（Linux）将变量格式化为列printf

Question

I'm trying to show a file name, size and type in 3 columns. The data just isn't showing correctly and I just can't see why.

Here's my code:

    fileName=$(ls -a ~/dirname)
    fileSize=$(find ~/dirname/* -printf '%s\n';)
    fileType=$(find ~/dirname/* | xargs file |  awk '{print $3}')

    printf " ----------------------------------------------------------\n"
    printf "%15s %15s %15s\n" "Name" "Size" "Type"
    printf " ----------------------------------------------------------\n"
    printf "%15s  %15s  %15s\n" "$fileName" "$fileSize" "$fileType"

The output is showing like: (Output as an image just to avoid stackoverflows formatting)

Answer 1

Your variables each hold the information for all the files, but you're printing them at one time, not separating them.
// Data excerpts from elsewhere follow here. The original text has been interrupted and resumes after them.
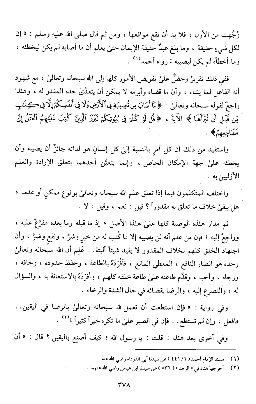 واستفيد من ذلك أن كل أمرٍ بالنسبة إلى كل إنسانٍ هو لذاته جائزٌ أن يصيبه وأن يخطئه على جهة الإمكان الخاص، وإنما يتعيَّن أحدهما بتعلق الإرادة والعلم الأزليين به.
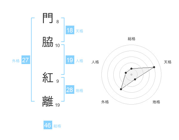門脇 紅離さんを姓名の画数から五運を鑑定
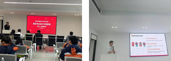 各組學(xué)生代表依次登臺(tái),向評(píng)審團(tuán)詳細(xì)闡述設(shè)計(jì)理念、面料選擇及制作工藝,并展示精心制作的效果圖集。
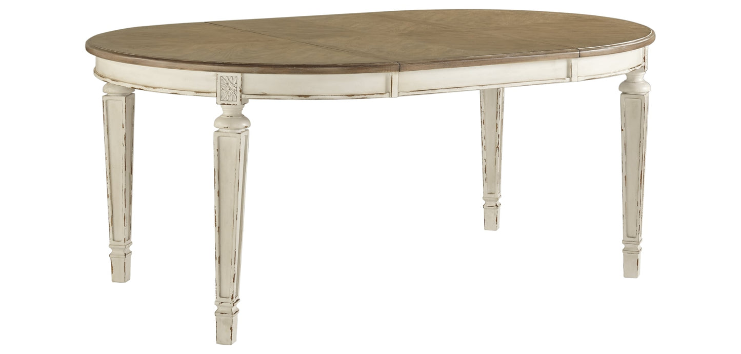 Bon appétit. This dining room extension table has all the right ingredients for a French country-inspired feast for the eyes. Drop-in leaf allows you to transform an intimate round dining table into a gracious oval dining table that comfortably seats six. Antiqued two-tone aesthetic pairs a chipped white with a distressed wood finished top for a double serving of charm.
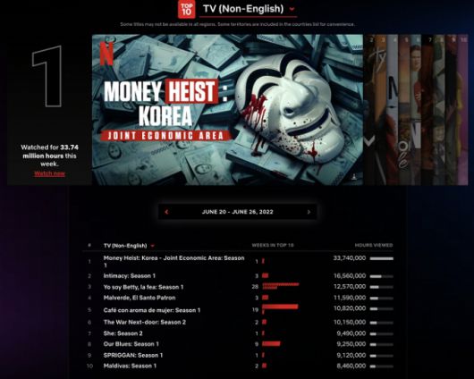 넷플릭스는 오리지널 시리즈 '종이의 집: 공동경제구역'이 공개 3일 만에 넷플릭스 글로벌 톱10 TV(비영어) 부문 1위에 올랐다고 29일 밝혔다.
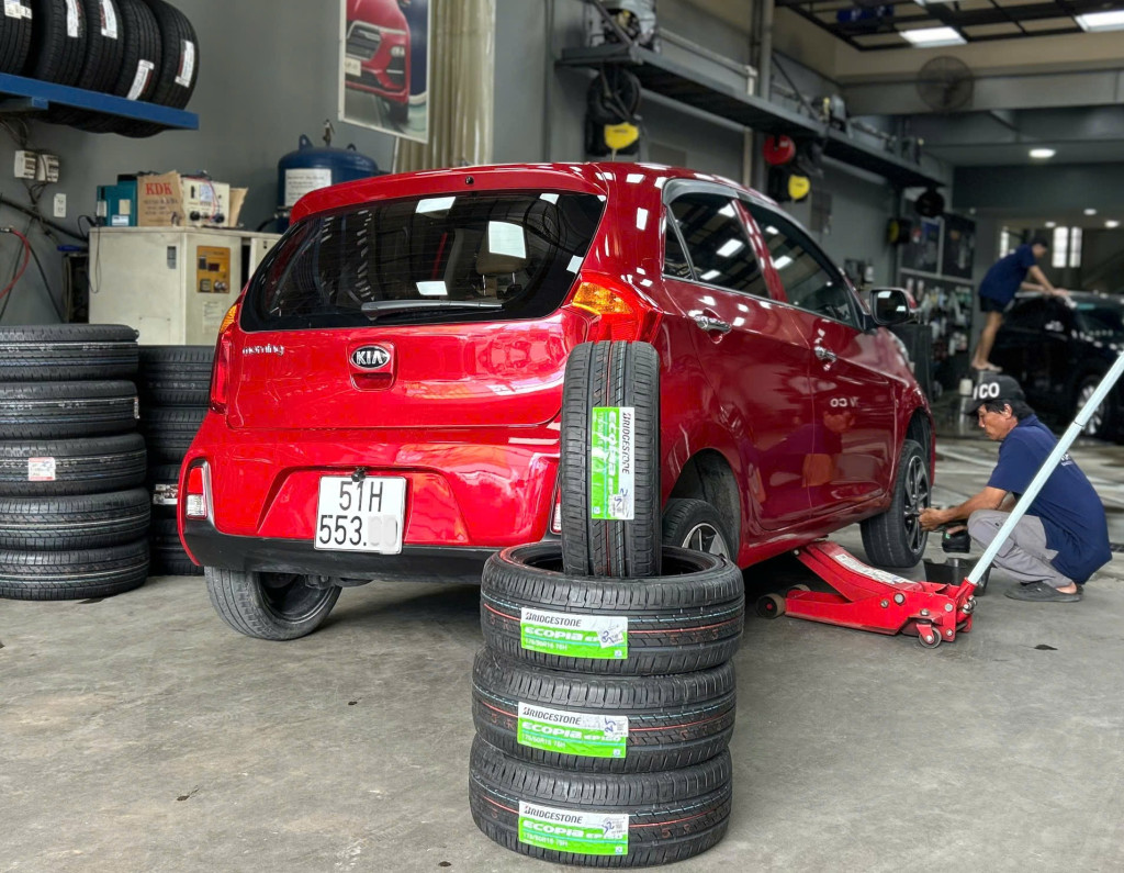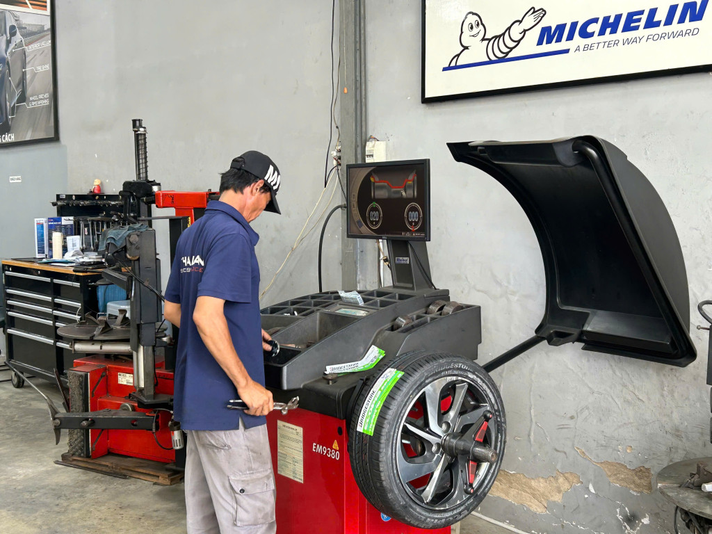 Khách hàng thay lốp xe ô tô tại cửa hàng của Thanh An Autocare quận 7

Also, the order of files returned by find is not the same as the order of ls (it sorts them lexicographically).

You need to loop over the files and print each one on a different line:

printf "%15s %15s %15s\n" "Name" "Size" "Type"
printf " ----------------------------------------------------------\n"
ls -a ~/dirname | while read -r fileName
do
    fileSize=$(stat --format=%s "$fileName")
    fileType=$(file "$fileName" | awk '{print $3}')
    printf "%15s  %15s  %15s\n" "$fileName" "$fileSize" "$fileType"
done

Answer 2

I solved it with a little bit of help from Barmar identifying what I was doing wrong:

    for fileName in $(ls -a ~/dirname/*);
    do
            fileSize=$(stat --printf="%s" "$fileName")
            fileType=$(file "$fileName" | awk '{print $3}')
            printf "%15s  %15s  %15s\n" $(basename "$fileName") "$fileSize" "$fileType"
    done